In the lesser-known 1969 Greensboro Uprising, police tear-gassed students at James B. Dudley High School and the National Guard invaded and pillaged the dorms at NC A&T State University.
In September of last year, students attending a football game at Dudley High were tear-gassed as police attempted to break up a fight.
One has to wonder why their practices have not changed.
Since the Civil Rights Movement, the culture of the department does not seem to have improved. In 2006, Chief David Ray and two high-ranking officers resigned following allegations that the department’s Special Intelligence Section was secretly surveilling and collecting information on its Black officers .
In 2013, three federal lawsuits brought forth by nearly 40 officers of color, including former Police Chief Brian James, claiming discrimination were settled for a total of $500,000. Current city council members Nancy Vaughan and Zack Matheny voted against the settlement. In 2015, a New York Times investigation revealed that Black motorists in Greensboro were disproportionately stopped by police. A public information request filed by activist Jason Hicks earlier this year revealed that Black Greensboro residents are still twice as likely to be stopped by police than their white counterparts. According to the city website, “The Greensboro Police Department does not contest the fact that the data shows racial disparities with respect to traffic stops and searches” but denies that interpersonal racism is a factor.
Most importantly, too many lives have been prematurely lost at the hands of our local law enforcement officers. In 2022, the city finally settled a lawsuit brought forth by the family of Marcus Smith who was fatally hogtied by eight GPD officers. The family, supported by community members, has been fighting for justice since his death in 2018. The settlement has been agreed upon but has yet to be paid out. Officer Lee Andrews and Officer Montalvo resigned in 2019 and 2020 respectively. Officers Jordan Bailey, Robert Duncan, Alfred Lewis, Justin Payne, and Corporal Christopher Bradshaw have all since received merit raises and remain on the force. Officer Douglas Strader was later fired in an unrelated incident where he fired into a fleeing vehicle, but found no issue with finding employment with the Graham Police Department in neighboring Alamance County. Luckily no one was killed by his act of recklessness, but the same behavior by a different officer in August 2022 ended with the death of 17-year-old Nasanto “Duke” Crenshaw.
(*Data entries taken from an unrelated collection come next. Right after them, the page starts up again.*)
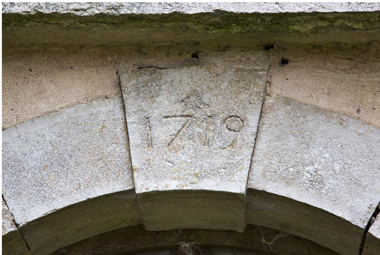
Date (1719) inscrite sur le linteau de la porte donnant accès à la cave.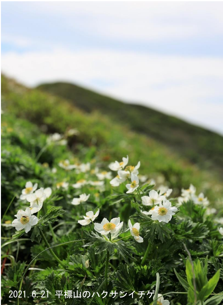
2021. 6. 21 平標山のハクサンイチゲ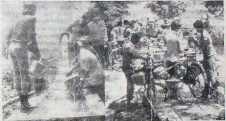
ఫిల్టర్ పాయింట్ ప్రాణదాతలు: సైకిళ్ళు వాటర్ ట్యాంకర్లునాయి!

నెల్లూరులో నీటి కరువు భయంకరం. ప్రజల అగచాట్లు హృదయవిదారకం! నెల్లూరులో నీటి కరువు భయంకరం. ప్రజల అగచాట్లు హృదయవిదారకం! నెల్లూరులో నీటి కరువు భయంకరం. ప్రజల అగచాట్లు హృదయవిదారకం!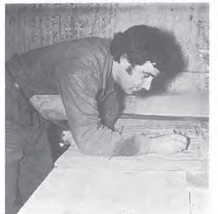
Einer, der Plan-Korrekturen nicht vergisst ...

Kunden sind auch heute noch die beste Propaganda. Ein nicht unbedeutender Teil der Kleinarbeiten erstreckt sich auf Telefon-Anlagen; dabei werden jährlich über 300 Installationsanzeigen erstellt, vom Auswechseln der Anschlusschnur bis zur Automatenanlage.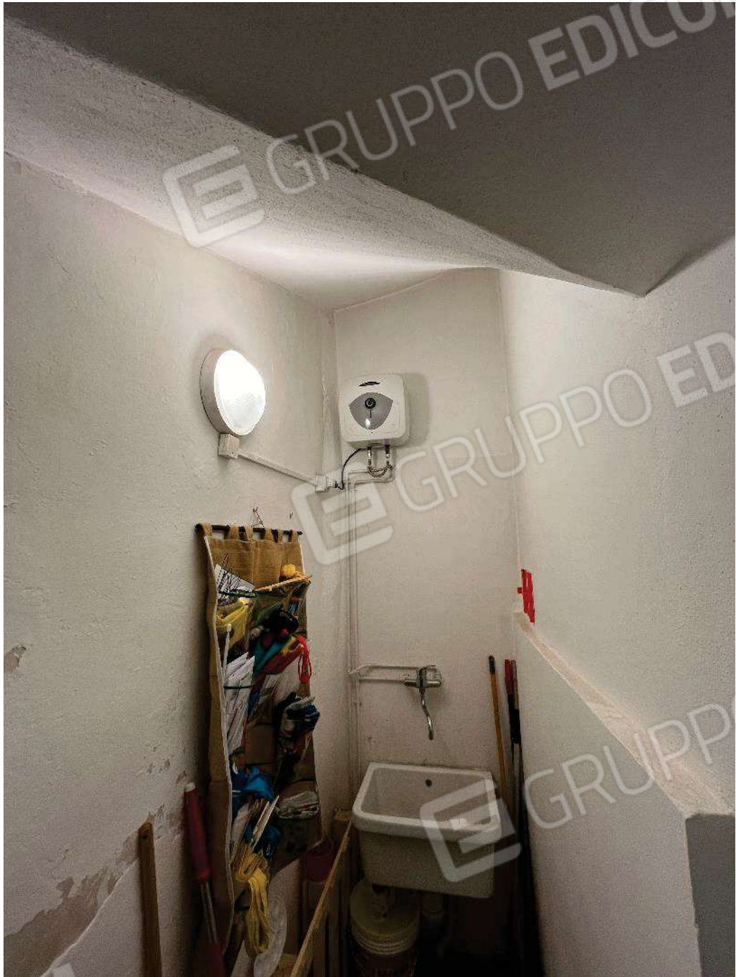
Figura 29: vista ripostiglio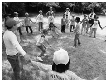
8/4 デイキャンプ (大沢森林公園)

地元天ヶ沢の「大沢森林公園」でデイキャンプを行いました。自然とふれあうネイチャーゲームやアルファ米作りを体験しました。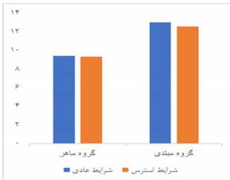
شکل ۱. نمودار عملکرد هماهنگی شانه- آرنج گروه‌ها در مراحل مختلف

آزمون شاپیرو ویلک نرمال بودن داده‌ها را نشان داد، همه P > 0/05 . همچنین آزمون لون نیز نشان‌دهنده همگنی واریانس‌ها بود، P > 0/05 . همه شرکت‌کنندگان به‌صورت مصاحبه شفاهی عنوان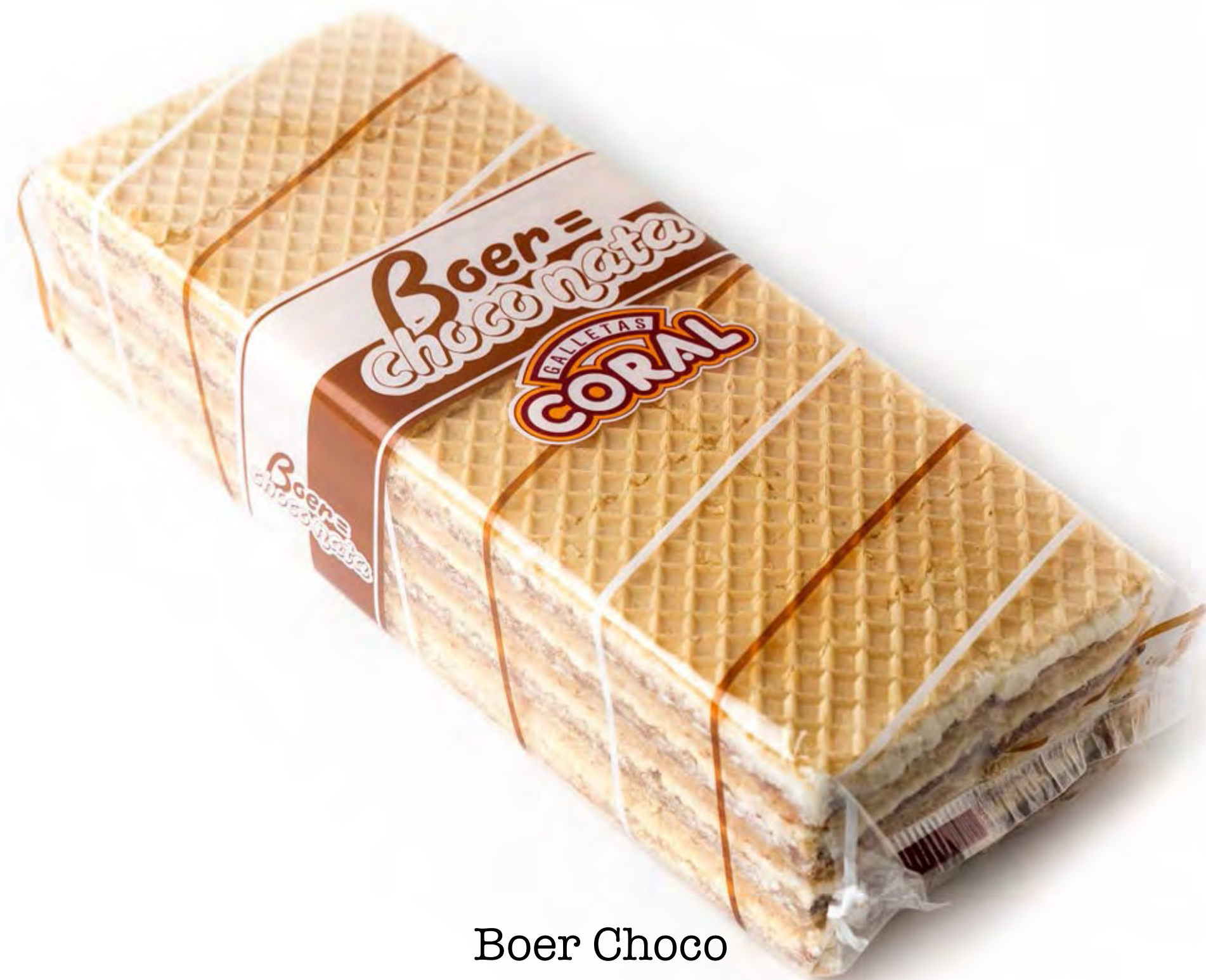
Boer Choco 400g. x 12 uds/caja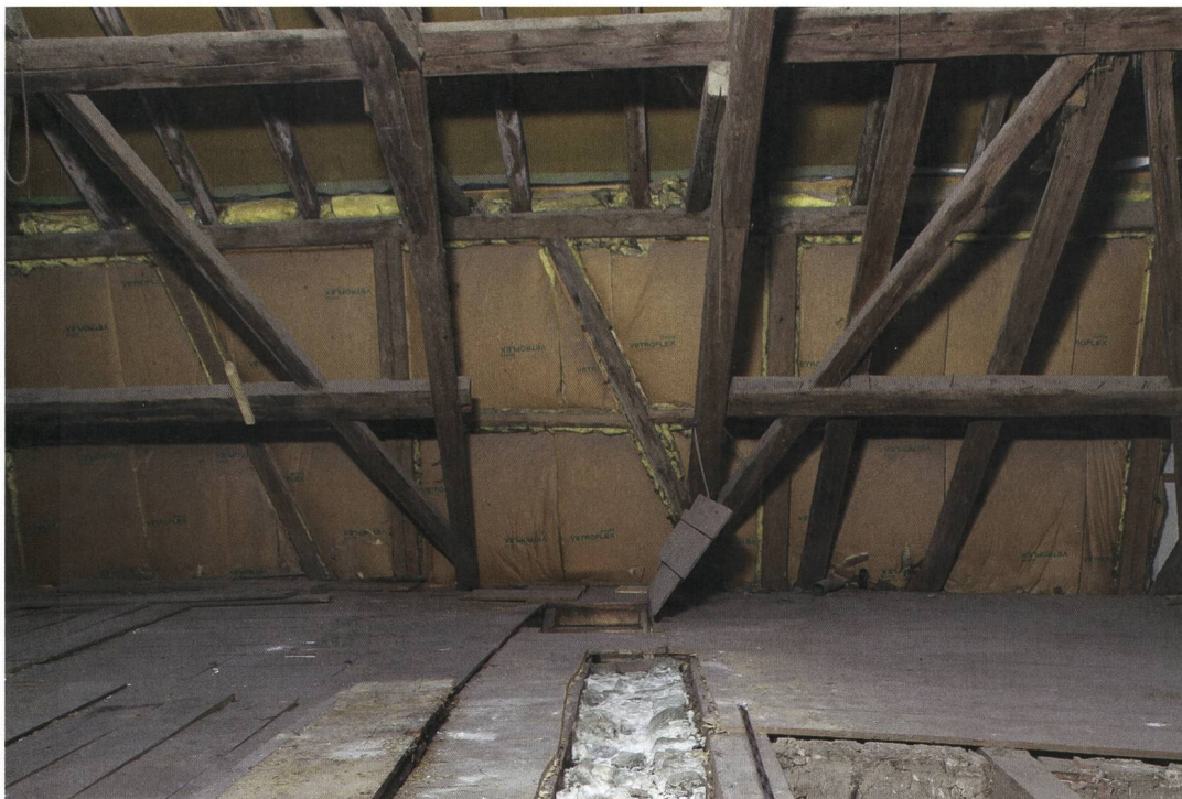
Abb. 7: Wiedlisbach, Städtli 29. Blick in das Dachgeschoss mit dem liegenden Dachstuhl von 1695/96d und der Trennwand zwischen Wohn- und Ökonomieteil. Blick nach Südosten.

überbaut (dunkelgrün). Die alte Südfassade wurde zum Teil abgebrochen, um die Räume bis zum Verlauf der ehemaligen Stadtmauer erweitern zu können. Auf allen Etagen fügte man neue Binnenwände in Riegkonstruktion ein. Spätestens jetzt wurde der Ökonomiebereich zur Tierhaltung und Lagerung von Heu verwendet. Ob auch zuvor eine landwirtschaftliche Nutzung bestanden hat oder aber Handwerker und Händler in der Liegenschaft wohnten, ist derzeit nicht zu entscheiden. Die Planierschicht über der Berme mit neuzeitlichen Hafnereiabfällen um 1770 bis 1800 scheint jedenfalls keinen Bezug zur Parzelle und deren Bewohner zu haben.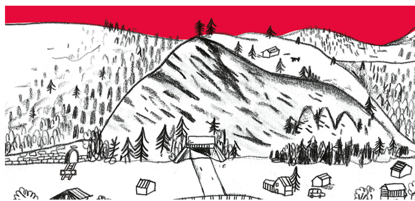
Illustration Munitionslager, Mitholz, Luigi Olivadoti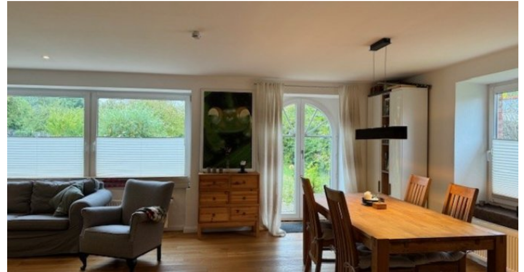
Wohn Essbereich EG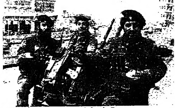
شرب قهوة ■ سجن عراقي

The city of Greensboro is currently facing two wrongful death lawsuits, one from Chrenshaw’s family and the other from the family of Joseph Lopez, who was shot point blank by Officer Matthew Hamilton in 2021. Although the city fired Hamilton, it continues to fund his legal defense against the suit and has spent over $50,000 of taxpayer money as of December 2022. In a rare act of competence, Guilford County District Attorney Avery Crump filed manslaughter charges against that officer. One can’t help but wonder why none of the officers who killed Marcus Smith, nor Deputy Michael Shane Hill who shot Fred Cox in the back in a High Point church, nor Matthew Sletten who fired into a car full of teenagers killing Duke Crenshaw, have faced similar charges.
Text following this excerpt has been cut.